Find the line with "Основные теоретические сведенияПостоянным" in the entries below. Repeat it, every following line, and the line with "Бамбуковый лес с", exactly and with nothing added.

(MATERIALS PROVIDED Opens)

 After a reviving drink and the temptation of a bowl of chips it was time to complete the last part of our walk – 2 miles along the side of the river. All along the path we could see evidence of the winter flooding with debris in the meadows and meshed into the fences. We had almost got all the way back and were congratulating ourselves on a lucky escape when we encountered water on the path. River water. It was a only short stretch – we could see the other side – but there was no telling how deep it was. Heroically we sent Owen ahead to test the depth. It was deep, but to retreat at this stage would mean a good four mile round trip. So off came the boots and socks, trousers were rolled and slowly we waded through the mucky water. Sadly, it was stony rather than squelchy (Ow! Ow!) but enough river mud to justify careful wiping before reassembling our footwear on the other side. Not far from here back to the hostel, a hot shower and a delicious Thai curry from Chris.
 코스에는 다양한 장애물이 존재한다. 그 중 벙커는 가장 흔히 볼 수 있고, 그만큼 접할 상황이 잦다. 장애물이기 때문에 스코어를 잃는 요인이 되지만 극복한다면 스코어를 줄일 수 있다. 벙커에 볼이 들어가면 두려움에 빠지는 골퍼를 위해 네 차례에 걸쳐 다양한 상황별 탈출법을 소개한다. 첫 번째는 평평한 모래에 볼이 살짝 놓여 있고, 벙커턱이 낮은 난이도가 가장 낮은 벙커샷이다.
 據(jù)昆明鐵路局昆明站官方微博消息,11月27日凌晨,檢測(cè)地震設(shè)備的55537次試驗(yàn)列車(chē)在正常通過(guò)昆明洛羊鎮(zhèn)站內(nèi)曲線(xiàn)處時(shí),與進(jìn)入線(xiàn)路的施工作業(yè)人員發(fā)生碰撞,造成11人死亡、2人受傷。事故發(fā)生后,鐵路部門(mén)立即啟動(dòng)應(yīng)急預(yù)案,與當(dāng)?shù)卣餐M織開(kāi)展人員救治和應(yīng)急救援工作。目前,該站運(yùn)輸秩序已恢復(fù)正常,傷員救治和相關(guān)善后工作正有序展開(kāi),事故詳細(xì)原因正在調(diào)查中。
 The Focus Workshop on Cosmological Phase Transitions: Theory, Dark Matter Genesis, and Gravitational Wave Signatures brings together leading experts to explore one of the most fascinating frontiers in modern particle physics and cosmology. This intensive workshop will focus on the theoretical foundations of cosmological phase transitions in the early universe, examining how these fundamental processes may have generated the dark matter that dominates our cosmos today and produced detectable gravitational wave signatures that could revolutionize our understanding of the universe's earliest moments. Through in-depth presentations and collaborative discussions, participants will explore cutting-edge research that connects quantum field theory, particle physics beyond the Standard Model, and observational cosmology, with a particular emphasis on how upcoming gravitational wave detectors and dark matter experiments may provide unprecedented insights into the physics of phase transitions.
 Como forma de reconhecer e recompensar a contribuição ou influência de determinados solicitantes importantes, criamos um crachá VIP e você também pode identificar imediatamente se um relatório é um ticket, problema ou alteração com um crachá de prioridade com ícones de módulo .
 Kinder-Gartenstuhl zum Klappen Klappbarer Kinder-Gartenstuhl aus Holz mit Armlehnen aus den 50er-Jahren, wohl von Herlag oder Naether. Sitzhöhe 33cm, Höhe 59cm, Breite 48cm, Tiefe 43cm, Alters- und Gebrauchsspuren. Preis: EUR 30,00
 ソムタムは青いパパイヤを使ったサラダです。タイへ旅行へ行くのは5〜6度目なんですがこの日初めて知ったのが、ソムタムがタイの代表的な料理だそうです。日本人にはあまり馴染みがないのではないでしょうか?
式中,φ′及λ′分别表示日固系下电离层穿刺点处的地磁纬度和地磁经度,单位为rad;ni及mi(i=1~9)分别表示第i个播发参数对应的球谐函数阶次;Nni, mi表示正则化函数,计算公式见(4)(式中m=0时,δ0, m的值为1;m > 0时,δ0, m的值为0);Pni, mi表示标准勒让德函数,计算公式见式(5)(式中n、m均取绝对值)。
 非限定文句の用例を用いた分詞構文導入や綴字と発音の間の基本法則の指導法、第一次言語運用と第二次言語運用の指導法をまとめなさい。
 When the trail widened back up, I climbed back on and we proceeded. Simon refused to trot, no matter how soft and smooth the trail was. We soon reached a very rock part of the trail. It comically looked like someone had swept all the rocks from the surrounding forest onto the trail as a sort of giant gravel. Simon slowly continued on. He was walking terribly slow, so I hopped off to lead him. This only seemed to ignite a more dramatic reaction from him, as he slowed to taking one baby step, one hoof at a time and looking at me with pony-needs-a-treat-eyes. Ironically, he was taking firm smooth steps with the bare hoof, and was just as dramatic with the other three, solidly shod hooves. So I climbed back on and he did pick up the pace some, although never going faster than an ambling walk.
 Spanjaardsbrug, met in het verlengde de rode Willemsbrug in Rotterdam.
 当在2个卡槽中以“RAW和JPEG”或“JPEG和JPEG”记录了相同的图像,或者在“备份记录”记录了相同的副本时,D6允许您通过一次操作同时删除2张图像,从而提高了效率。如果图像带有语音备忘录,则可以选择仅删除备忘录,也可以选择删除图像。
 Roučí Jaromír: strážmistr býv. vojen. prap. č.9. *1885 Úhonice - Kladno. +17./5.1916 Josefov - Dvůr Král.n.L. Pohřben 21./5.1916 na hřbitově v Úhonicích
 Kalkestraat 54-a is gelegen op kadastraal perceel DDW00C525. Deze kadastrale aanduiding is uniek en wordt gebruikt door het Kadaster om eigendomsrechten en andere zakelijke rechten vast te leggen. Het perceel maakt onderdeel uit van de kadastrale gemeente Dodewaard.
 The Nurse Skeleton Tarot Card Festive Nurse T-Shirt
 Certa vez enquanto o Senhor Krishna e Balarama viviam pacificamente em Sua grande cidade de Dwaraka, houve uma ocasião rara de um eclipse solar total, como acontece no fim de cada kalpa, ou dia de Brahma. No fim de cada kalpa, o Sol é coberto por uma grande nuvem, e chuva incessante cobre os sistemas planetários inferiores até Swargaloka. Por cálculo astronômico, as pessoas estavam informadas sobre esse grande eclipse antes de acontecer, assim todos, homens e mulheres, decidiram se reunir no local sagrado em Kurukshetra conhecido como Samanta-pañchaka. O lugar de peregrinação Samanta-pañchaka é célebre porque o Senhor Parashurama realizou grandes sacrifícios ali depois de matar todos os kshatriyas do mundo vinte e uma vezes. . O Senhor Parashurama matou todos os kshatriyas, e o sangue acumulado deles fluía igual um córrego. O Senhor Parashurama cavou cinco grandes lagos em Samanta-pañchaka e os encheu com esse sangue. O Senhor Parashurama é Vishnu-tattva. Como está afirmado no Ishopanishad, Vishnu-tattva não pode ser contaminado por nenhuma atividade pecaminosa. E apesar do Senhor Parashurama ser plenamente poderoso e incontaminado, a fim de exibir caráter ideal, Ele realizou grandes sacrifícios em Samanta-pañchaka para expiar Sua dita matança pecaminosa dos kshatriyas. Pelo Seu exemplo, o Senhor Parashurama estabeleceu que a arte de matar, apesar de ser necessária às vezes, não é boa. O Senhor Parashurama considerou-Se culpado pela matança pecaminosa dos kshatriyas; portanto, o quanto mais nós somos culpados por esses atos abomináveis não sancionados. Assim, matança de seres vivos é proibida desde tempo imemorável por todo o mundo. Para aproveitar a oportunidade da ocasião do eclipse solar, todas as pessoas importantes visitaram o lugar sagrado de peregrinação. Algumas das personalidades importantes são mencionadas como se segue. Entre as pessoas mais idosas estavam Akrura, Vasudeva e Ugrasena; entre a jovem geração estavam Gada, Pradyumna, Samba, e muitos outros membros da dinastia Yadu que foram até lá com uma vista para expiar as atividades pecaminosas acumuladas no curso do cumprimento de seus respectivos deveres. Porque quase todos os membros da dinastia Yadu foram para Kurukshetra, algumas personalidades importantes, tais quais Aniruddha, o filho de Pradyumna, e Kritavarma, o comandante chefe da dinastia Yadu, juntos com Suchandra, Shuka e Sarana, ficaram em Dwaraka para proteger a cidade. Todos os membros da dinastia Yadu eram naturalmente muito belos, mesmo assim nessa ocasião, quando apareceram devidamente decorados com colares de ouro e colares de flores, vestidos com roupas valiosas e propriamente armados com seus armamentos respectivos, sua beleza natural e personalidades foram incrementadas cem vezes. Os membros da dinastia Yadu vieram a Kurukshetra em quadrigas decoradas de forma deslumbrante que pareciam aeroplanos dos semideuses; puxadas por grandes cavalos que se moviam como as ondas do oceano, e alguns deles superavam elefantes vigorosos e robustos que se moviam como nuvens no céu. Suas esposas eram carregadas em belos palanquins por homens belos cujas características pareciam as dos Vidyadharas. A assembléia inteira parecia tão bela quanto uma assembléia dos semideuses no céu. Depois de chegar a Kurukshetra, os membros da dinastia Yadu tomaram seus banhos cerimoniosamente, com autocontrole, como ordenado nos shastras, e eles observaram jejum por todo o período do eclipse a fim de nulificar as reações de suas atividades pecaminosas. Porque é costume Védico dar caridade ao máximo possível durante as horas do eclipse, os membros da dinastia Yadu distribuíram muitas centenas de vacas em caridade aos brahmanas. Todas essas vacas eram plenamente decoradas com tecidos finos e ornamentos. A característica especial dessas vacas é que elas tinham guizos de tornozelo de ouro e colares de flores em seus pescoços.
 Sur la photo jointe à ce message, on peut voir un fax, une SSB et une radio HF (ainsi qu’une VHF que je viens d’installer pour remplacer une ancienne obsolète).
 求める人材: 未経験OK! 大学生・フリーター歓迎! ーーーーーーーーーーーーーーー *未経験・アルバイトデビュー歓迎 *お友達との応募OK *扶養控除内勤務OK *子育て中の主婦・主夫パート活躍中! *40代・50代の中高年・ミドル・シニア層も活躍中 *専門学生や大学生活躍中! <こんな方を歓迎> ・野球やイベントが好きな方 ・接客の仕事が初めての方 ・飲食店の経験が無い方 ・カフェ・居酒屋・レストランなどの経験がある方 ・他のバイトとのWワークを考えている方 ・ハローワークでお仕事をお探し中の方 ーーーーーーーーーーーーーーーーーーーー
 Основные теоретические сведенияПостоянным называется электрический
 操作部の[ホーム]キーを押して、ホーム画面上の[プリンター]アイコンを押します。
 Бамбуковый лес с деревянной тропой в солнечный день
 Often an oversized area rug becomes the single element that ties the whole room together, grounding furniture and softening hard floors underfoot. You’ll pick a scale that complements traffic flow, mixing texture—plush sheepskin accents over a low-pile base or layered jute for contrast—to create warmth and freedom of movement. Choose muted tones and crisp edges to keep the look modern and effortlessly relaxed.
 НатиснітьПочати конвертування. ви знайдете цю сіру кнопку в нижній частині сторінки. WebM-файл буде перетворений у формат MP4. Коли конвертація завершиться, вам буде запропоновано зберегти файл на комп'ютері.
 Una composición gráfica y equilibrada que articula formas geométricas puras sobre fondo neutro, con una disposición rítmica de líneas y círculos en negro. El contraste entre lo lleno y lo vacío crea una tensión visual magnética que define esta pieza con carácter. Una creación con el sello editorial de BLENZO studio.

(MATERIALS PROVIDED Closes)

• [RESULT]
 Основные теоретические сведенияПостоянным называется электрический
 操作部の[ホーム]キーを押して、ホーム画面上の[プリンター]アイコンを押します。
 Бамбуковый лес с деревянной тропой в солнечный день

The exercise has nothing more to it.